一方、公務員や会社員は厚生年金にも加入するため、平均は14万円台です。しかし男女差からわかるように、個人で受給額は大きく変わります。
平均だけでなく、自分自身の見込額を定期的に確認することが必要になるでしょう。
3. 厚生年金・国民年金だけで暮らすことは可能か
前述のグラフを見る限り、20万円以上の方も5万円以下の方もいますね。
厚生年金や国民年金だけで暮らしたい場合、できるだけ年金受給額をアップさせる必要があります。
3.1 厚生年金の受給額をアップさせる方法
厚生年金の受給額は、加入期間と報酬額で決まります。
加入期間が長いほど有利になるため、厚生年金制度を導入している企業に属する期間を延ばすと受給額アップにつながります。
また、厚生年金は70歳まで加入することもできます。
できるだけ長く働くことで、将来の年金額を上げることが可能になります。
転職や昇給を見据え、地道にスキルアップをはかることも大切です。
3.2 国民年金の受給額をアップさせる方法
国民年金は、保険料の納付月数で受給額が決まります。
過去に未納分がある方や学生の間に猶予を受けていた方は、一定の期間内であれば追納できます。

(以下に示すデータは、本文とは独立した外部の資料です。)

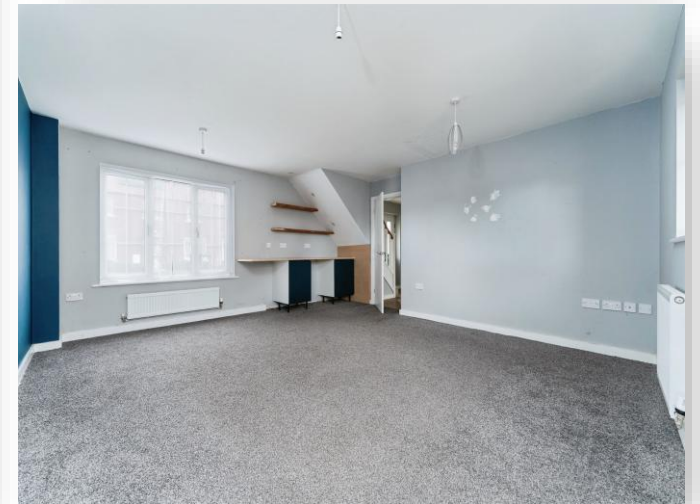
Yeomans Way, Littleport Ely CB6 1FL

追納できる期間をねんきんネット等で確認し、追納を検討してみましょう。
自営業者で国民年金しか無いという方は、国民年金基金や付加保険料の納付で年金額をあげることも可能です。
3.3 繰下げ受給で受給額をアップさせる方法
厚生年金も国民年金も、65歳より後に受給開始とすることで、受給額を増額させることができます。これを年金の繰下げ受給といいます。
1ヵ月繰り下げるごとに0.7%増えるので、最大10年で84%も増やせる計算になります。
例えば月額10万円の方が75歳まで繰り下げれば、18万4000円にまで増やせます。
ただし、年金受給までは収入がないので働き続けることが必要です。
万が一働けなくなった場合のリスクにも、しっかり備える必要がある点に注意しましょう。
4. 老後2000万円問題は個人で異なる
老後2000万円問題や最新の年金受給額について解説しました。
2000万円の試算根拠を知ることで、全員にはあてはまらない数字であることがわかりました。
数字だけが独り歩きしていますが、個々で老後のシミュレーションをすることが重要です。
特に、主な収入源となる年金額は個人差が激しいものです。
まずは年金の見込額を知り、「年金だけで暮らしたい」と思う場合は年金をアップさせる方法を検討してみましょう。
余裕のある老後を迎えたい場合、やはり貯蓄という備えは心強くなります。今からコツコツ準備を始めてみてはいかがでしょうか。